And Hi Soon Lee, who also battles depression, nightmares, indigestion and heart palpitations, has taken the only job she can find--waiting tables in a Koreatown restaurant. She works six days a week, from 9:30 a.m. to 11 p.m., for $600 per month plus tips. On Sundays, she goes to church and tries not to think about the years of labor that were torched in a single night.

“I feel I’m losing my mind if I go back to that moment,” said Lee, 45, as she sat down between serving customers at the Bab-Sang Jib restaurant and recounted her story through an interpreter.

“For 20 years, I worked on my American dreams,” she said. “We saved money by not eating what we wanted to eat. By not spending our money. We worked even on Sunday. I had all that taken away from me in a matter of hours.

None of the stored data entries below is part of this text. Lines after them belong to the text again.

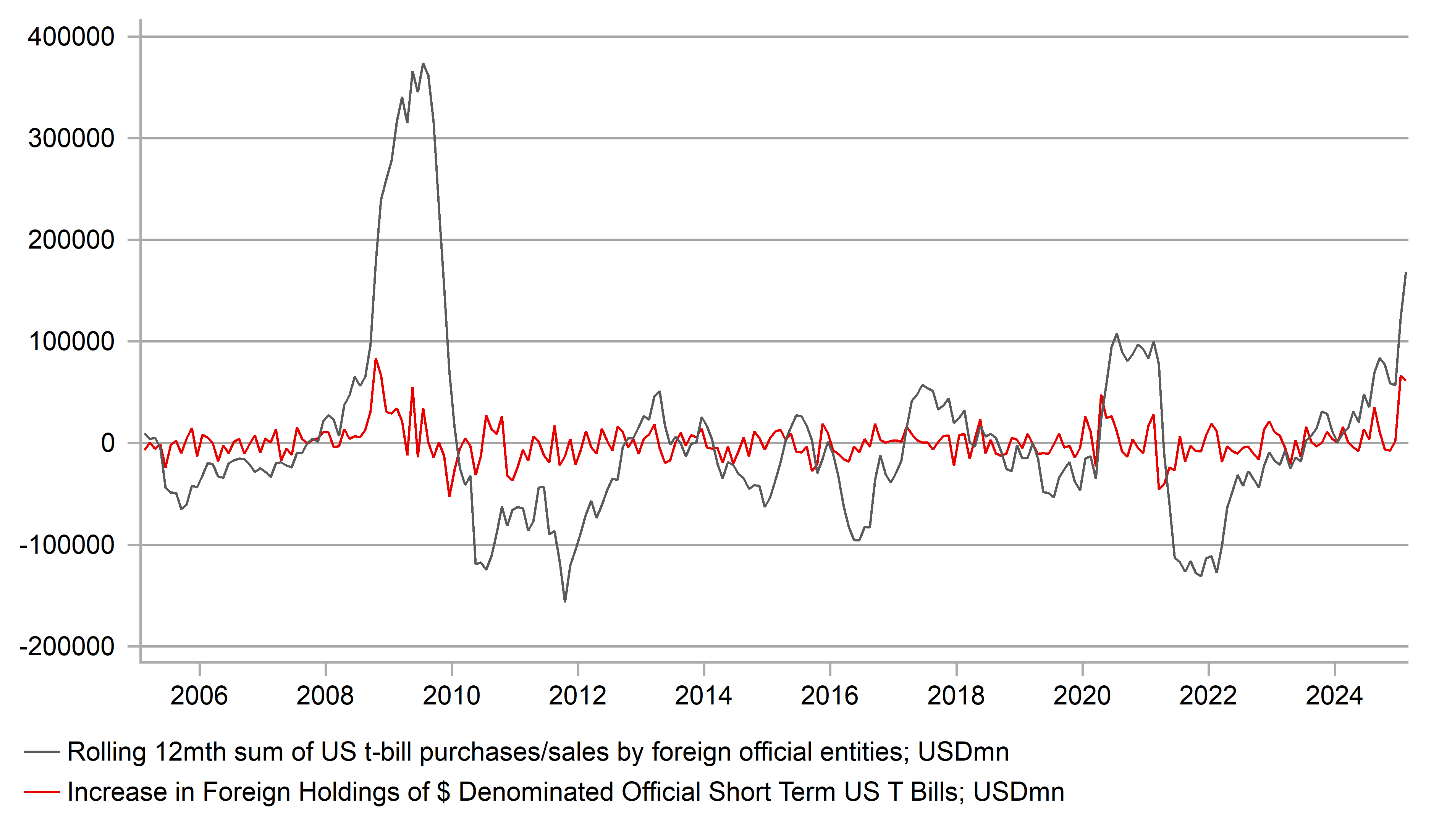 FOREIGN OFFICIAL ENTITIES PURCHASES OF US T-BILLS REACHES THE HIGHEST SINCE THE GFC
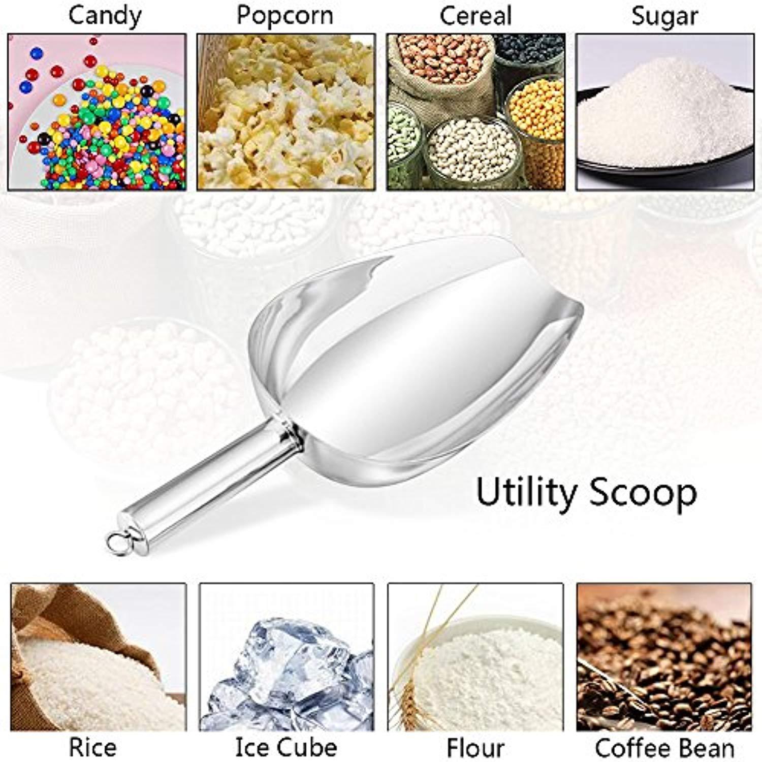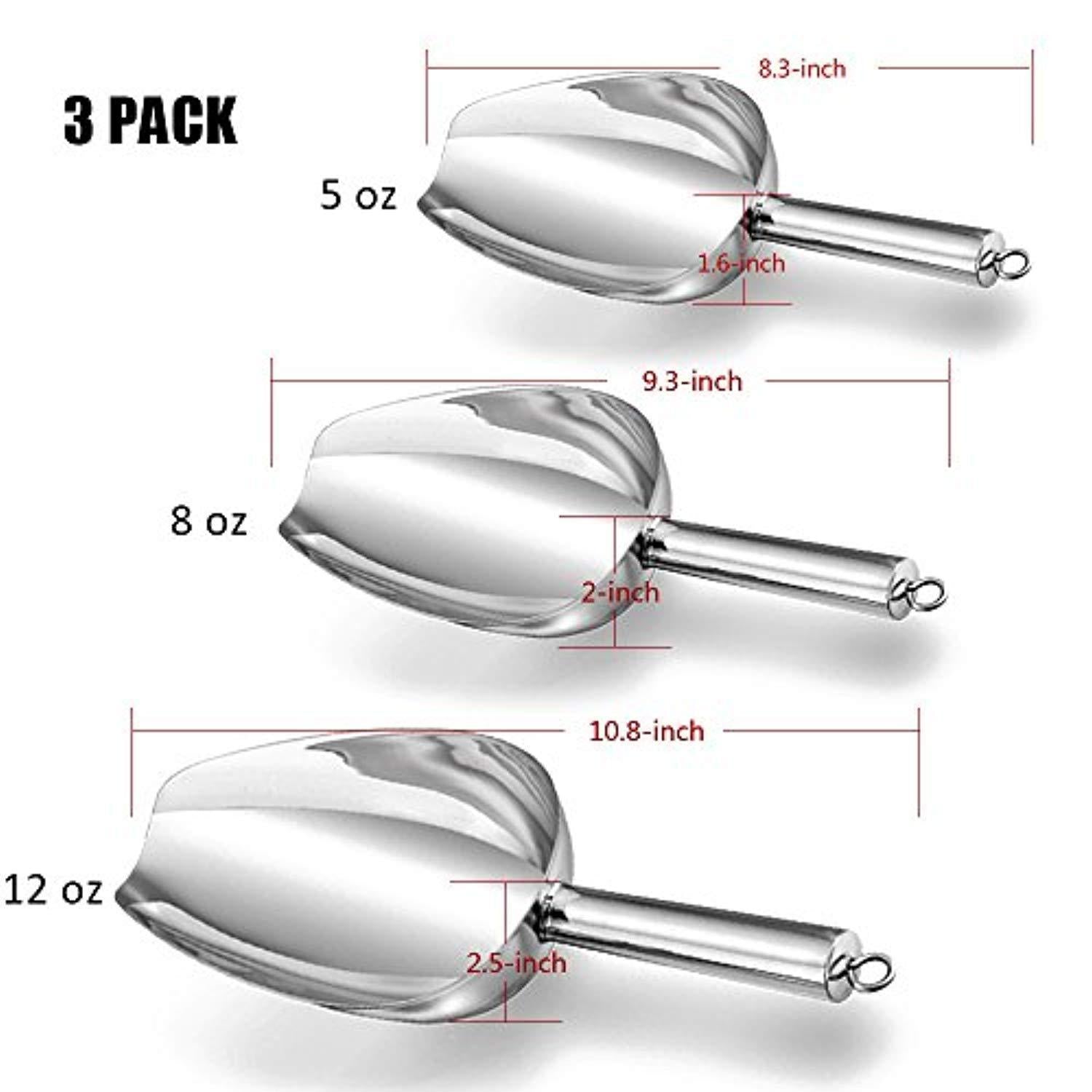 【STURDY】P&P CHEF ice scoops are constructed by pure stainless steel, Handle welded solidly to the bowl, Sturdy and unbreakable, Proper care can be durable for years 【CRAFT】Easy grip handle seamless weld to tapered bowl, Smooth rim with no rough spots, Elegant design with shiny and smooth surface 【EASY CLEAN】Dishwasher Safe, Superior mirror finish for easy clean by hand, Save your labor and time, Rust free and stay shiny after washing 【EASY STORAGE】Small loop at the end of rice scoop handle, Convenient to store and save space of your kitchen, bar counter and storage room 【MULTI SIZE】5 /8 /12 oz, Utility for Kitchen, Canteen and Shops, Proper weight and easy grip for coffee bean, candy, dry food, flour, popcorn, etc.
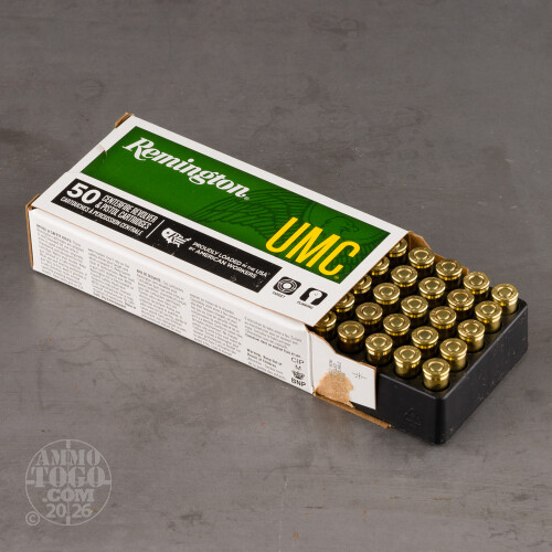 This factory fresh ammunition comes packed in 50-round boxes. Non-corrosive, boxer primed, and brass cased, each cartridge also features a 71 grain full metal jacket (FMJ) projectile. Each round produces a consistent muzzle velocity of 905 feet per second and 129 foot pounds of muzzle energy.
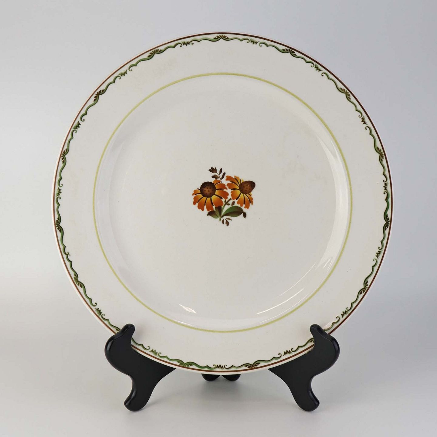 Fajancestel i stelform G med dekoration af orangegule blomster og grønne guirlander på lys baggrund med brun kant.
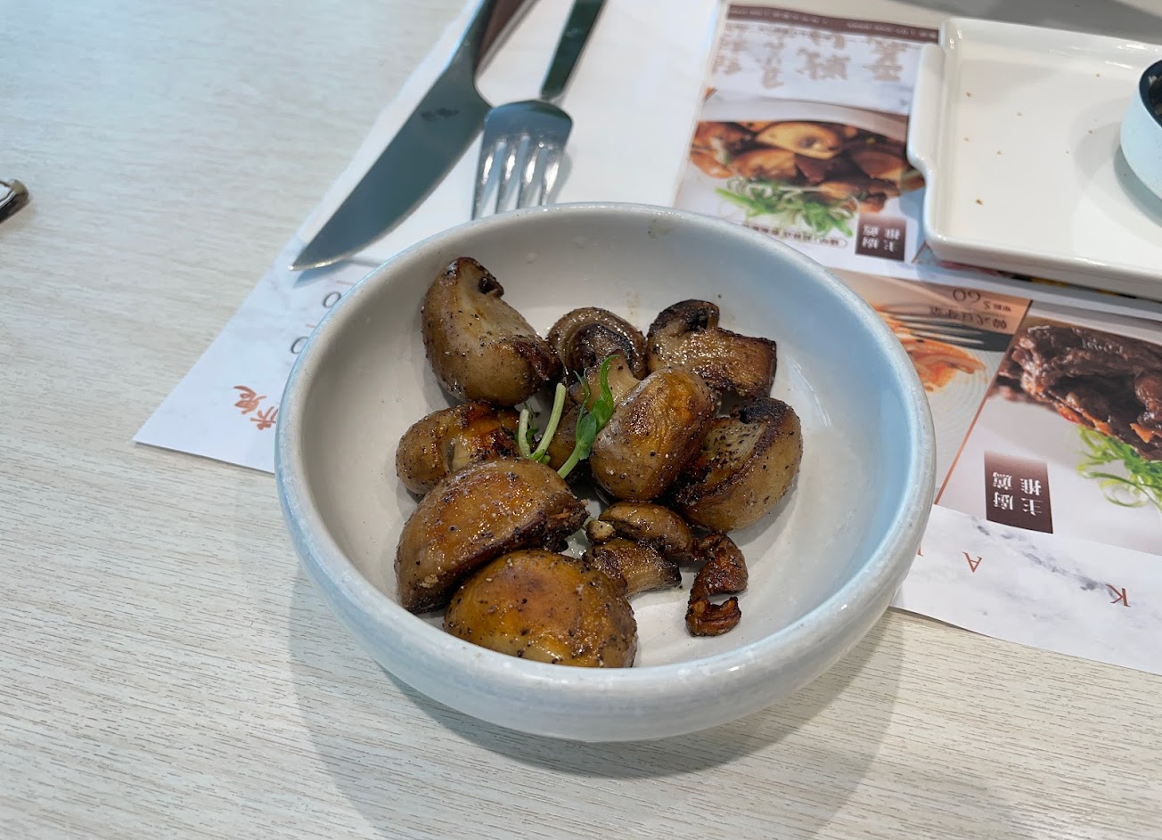 點5分熟但拿到的牛排接近8分,可能是因為鐵板偏燙的關係吧,肉質表現和價格有一定的差距。單點的炒蘑菇好吃,無限自助的濃湯也還不錯。感覺是間親子客很喜歡的餐廳,店裡有滿滿的小孩。
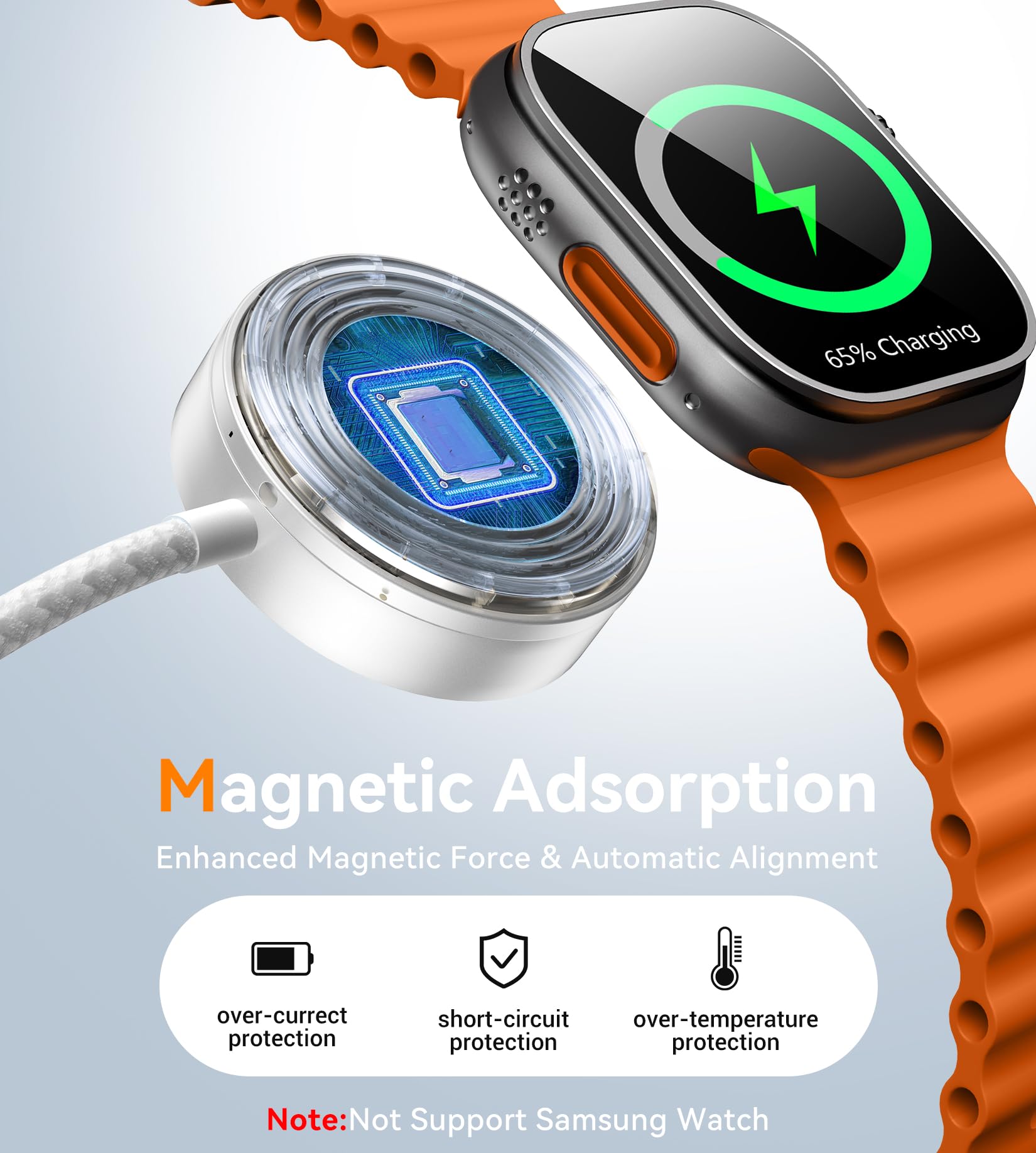 【Magnetic iWatch Charger】With auto-alignment magnetic technology, this charger effortlessly snaps into place, ensuring a secure and efficient charge as it automatically aligns with the back of your Apple Watch.(please note: for optimal charging, avoid using an Apple Watch protective case)
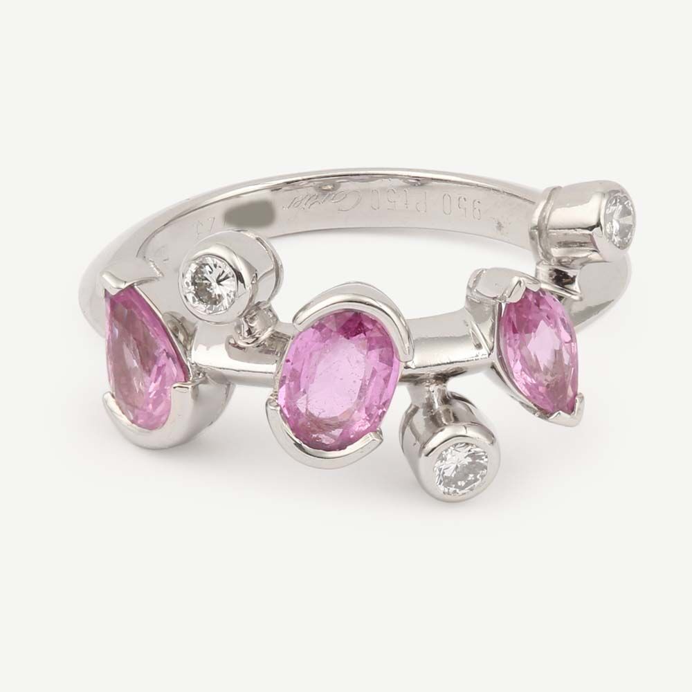 Bague Cartier Méli Mélo en platine PT950, sertie de trois saphirs roses et de diamants.
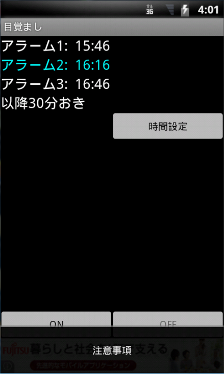 ・設定するのは1つの時間のみです。例えば朝6時に設定した場合、まず5時30分に警告として1回、その後実際に起きる為に6時に1回、その後もし寝過ごした場合を考え30分おきに(アプリを起動してOFFにしない限り)鳴り続けます。
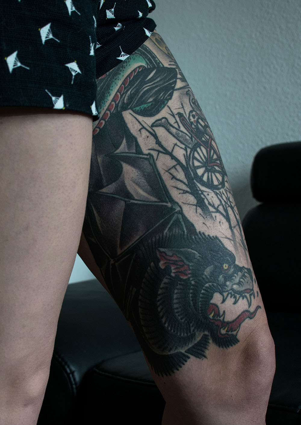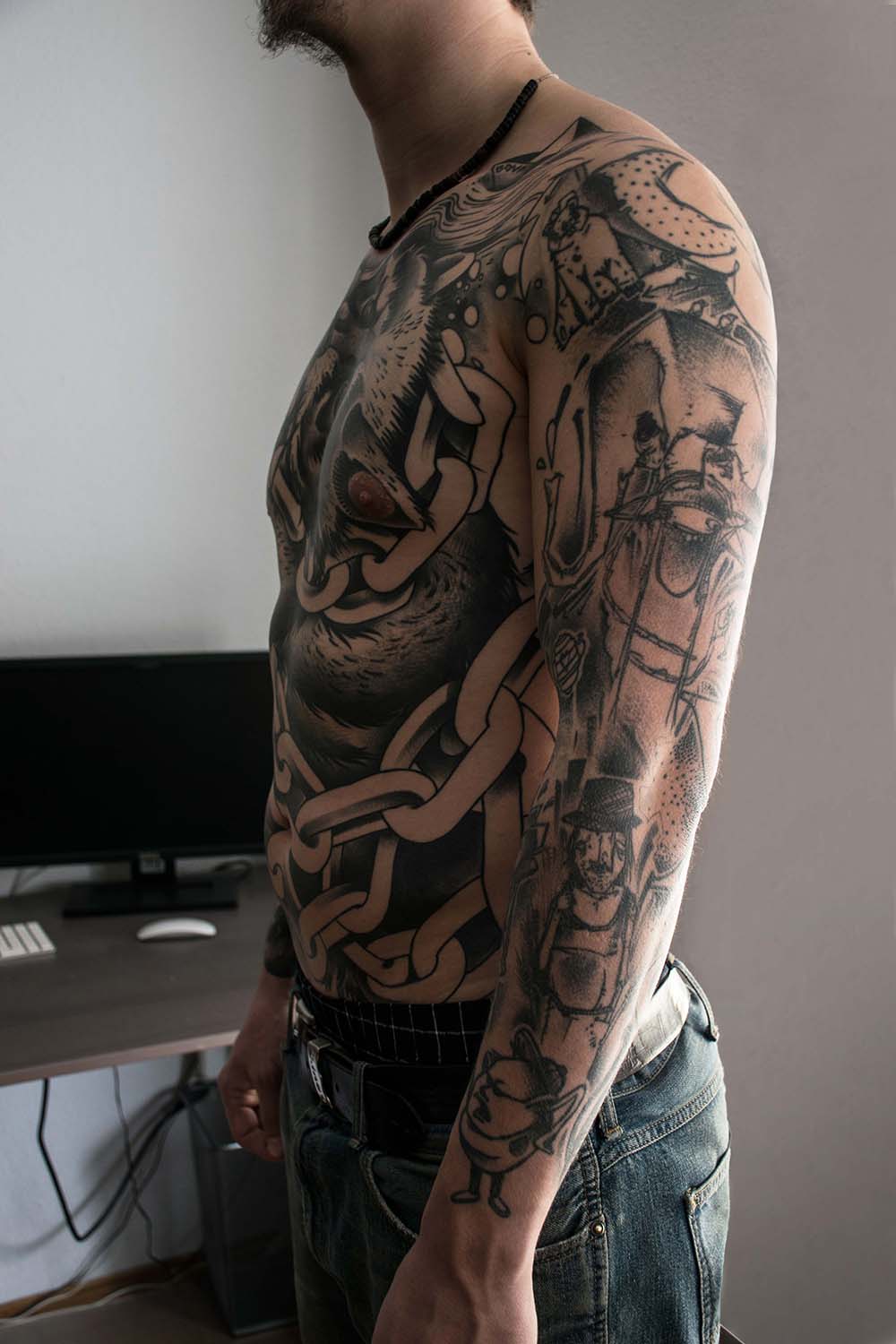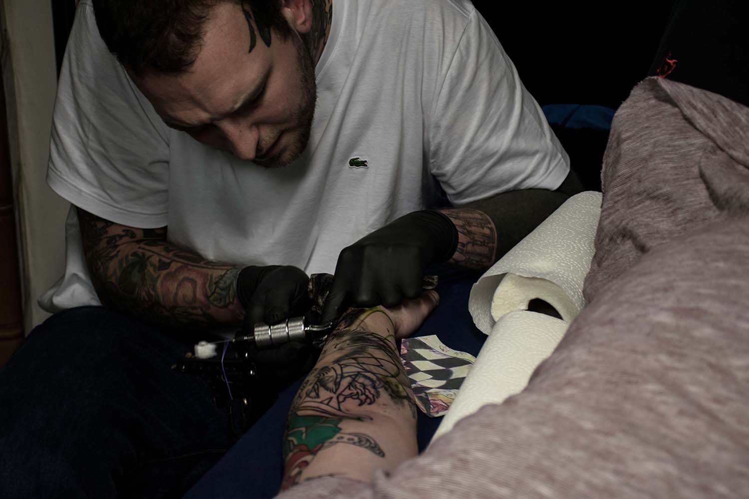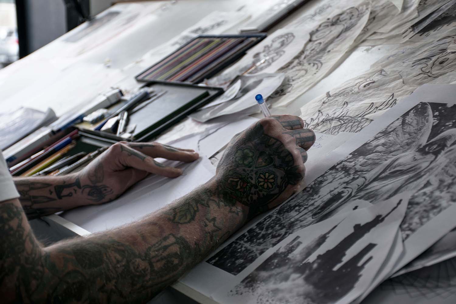 Bilder, die unter die Haut gehen und für die Ewigkeit sind. Der vielfältige Beruf des Tätowierers wurde in einer Aufgabe aus dem vierten Semester in Fotografien festgehalten. »Bounty« ist der Künstlername von Cris Benkert. Tätowierer, in Nürnberg, den ich bei seiner Arbeit, der Vorbereitung eines Tattoos und das Studio fotografisch festgehalten habe. Fertige Tätowierungen auf der Haut seiner Kunden habe ich ebenfalls abgelichtet. Die gesamte Semesteraufgabe habe ich in einem Buch festgehalten. Der Umfang beträgt ca. 50 Fotos.

“Now I’m 20 years older and no longer have the motivation to try again. I have more obligations, responsibilities and debts than before. With all these pending payments, I don’t have the energy to go on with life.”

Lee speaks in spurts, in between scurrying off to deliver more rice to beckoning customers, pour cups of hot tea and bus dirty tables. The restaurant, located in a mini-mall, burned to the ground during last year’s violence. The owner built it back, stick by stick, and reopened April 11. The chef is another riot victim. Her swap meet stall was destroyed in the riots, and with no money to rebuild, she has turned to cooking.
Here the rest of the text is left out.